大多數容器解決方案都是使用相同的內核,即內核是在所有容器中共享的。因此,每個容器中都有對整個物理內存的直接映射。由於只涉及內存訪問,在容器中並不能阻止meltdown攻擊。特別是在使用英特爾TSX特性的情況下,攻擊根本不需要陷入內核執行,只有非特權指令的執行。

Thus, the isolation of containers sharing a kernel can be fully broken using Meltdown. This is especially critical for cheaper hosting providers where users are not separated through fully virtualized machines, but only through containers. We verified that our attack works in such a setup, by successfully leaking memory contents from a container of a different user under our control.

因此,共享內核的容器隔離可以輕鬆地被meltdown攻破。對於那些提供廉價主機託管服務的提供商來說,這個問題更嚴重,因爲在那種情況下,用戶不能通過完全虛擬化的物理機器進行隔離,而只能通過容器進行隔離。我們驗證了在這樣的環境中,meltdown的確是起作用的,我們可以成功地從其他用戶容器中盜取內存信息。

2、meltdown性能

To evaluate the performance of Meltdown, we leaked known values from kernel memory. This allows us to not only determine how fast an attacker can leak memory, but also the error rate, i.e., how many byte errors to expect. We achieved average reading rates of up to 503KB/s with an error rate as low as 0.02% when using exception suppression. For the performance evaluation, we focused on the Intel Core i7-6700K as it supports Intel TSX, to get a fair performance comparison between exception handling and exception suppression.

爲了評估meltdown的性能,我們事先在準備攻擊的內核內存中設定了指定的數值。這使我們不僅能夠確定攻擊者盜取內存數據的速度,而且還可以確定錯誤率(即有多少字節的錯誤)。在使用異常抑制(需要TSX支持)的情況下,我們實現了503kB / s的數據泄露速度,而錯誤率低於0.02%。對於性能評估,我們集中在英特爾的Core i7-6700k處理器,因爲它支持TSX。這樣我們可以在一個公平環境中(同一個CPU)比較異常處理和異常抑制兩種方法下meltdown的性能。

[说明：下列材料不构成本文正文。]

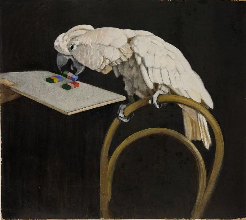 На листе почти квадратного формата, на тёплом черно-коричневом фоне изображен в профиль влево белый попугай с серым клювом. Он сидит на спинке венского стула, тянется к серой дощечке с тремя прямоугольными разноцветными брусками (каждый выкрашен в три разных цвета), взял в клюв зелёно-розово-голубой брусок. В левой части листа видна часть кисти руки, держащей дощечку.

For all tests, we use Flush+Reload as a covert channel to leak the memory as described in Section 5. We evaluated the performance of both exception handling and exception suppression (cf. Section 4.1). For exception handling, we used signal handlers, and if the CPU supported it, we also used exception suppression using Intel TSX. An extensive evaluation of exception suppression using conditional branches was done by Kocher et al. [19] and is thus omitted in this paper for the sake of brevity.

對於所有的測試,我們使用Flush+Reload作爲一個隱蔽通道來泄漏內存信息,具體可以參考第5章的描述。我們評估了異常處理和異常抑制這兩種方法下meltdown的性能(參見第4.1節)。對於異常處理,我們設置信號處理函數。如果CPU支持,我們也可以利用英特爾TSX來完成異常抑制。使用條件分支來完成異常抑制的評估是由Kocher等人完成的[ 19 ]。爲了簡潔起見,本文省略了這部分的內容。

(1)異常處理

Exception handling is the more universal implementation, as it does not depend on any CPU extension and can thus be used without any restrictions. The only requirement for exception handling is operating system support to catch segmentation faults and continue operation afterwards. This is the case for all modern operating systems, even though the specific implementation differs between the operating systems. On Linux, we used signals, whereas, on Windows, we relied on the Structured Exception Handler.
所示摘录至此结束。